Mr Lock said: “Our strategy is definitely to boost our loan volumes in coming years and grow the business as a whole, bearing in mind the need to meet our prudential regulatory requirements in terms of capital.
“Our success in achieving higher growth in the latter half of the year illustrates how well we can perform when we align our organisational efforts toward a key strategic goal. That positions us well to continue pursuing our growth agenda in future.”
The unaudited figures also show a 6.46 per cent increase in pre-tax profit, rising to $51.11 million from $48.01 million.
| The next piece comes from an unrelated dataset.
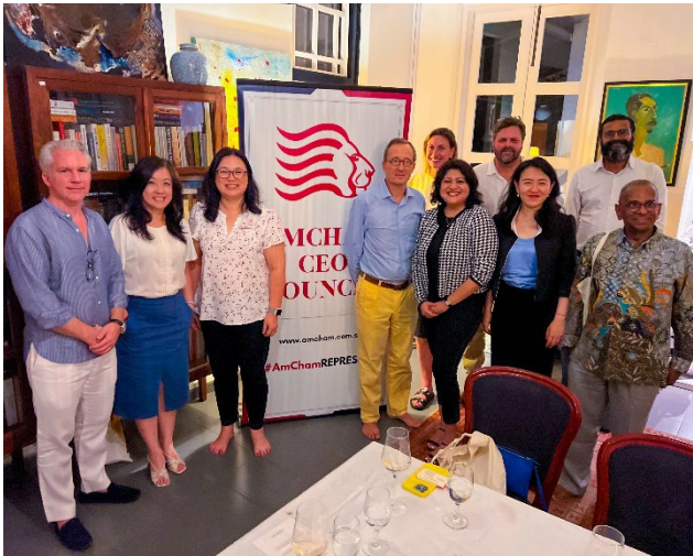
CEO Council Member-Hosted Dinner

After tax, profit came in at $36.14 million, up 7.53 per cent on the $33.61 million made in 2014/15.
Chairman Kerry Betros said that the bank will continue to invest in IT improvements to “better position Heritage for the demands of the digital world” and help it grow its loan book and overall business.
“Our new corporate vision is to be passionate about helping people, and our new corporate mission is to deliver a great customer experience every time,” he said.
“That’s what we’re all about and that’s where we’re different to the big banks, whose focus is to generate financial returns for their shareholders.”
According to independent analysis by research company CANSTAR, the bank’s customers were $50 million a year better off in 2015/16 through banking with Heritage rather than one of the big four banks.
“That’s a compelling demonstration of how banking with a customer-owned organisation provides tangible benefits for our customers”, said Mr Betros.
“Because we’re customer-owned, we’re different. Not only is our goal to give customers great value, but we invest heavily back into the community. That’s what mutuals are all about.”
Heritage’s capital adequacy ratio at 30 June 2016 was 13.95 per cent and its liquidity ratio was 15.94 per cent, while the bank’s mortgage loan arrears greater than 30 days was 0.30 per cent at 30 June 2016.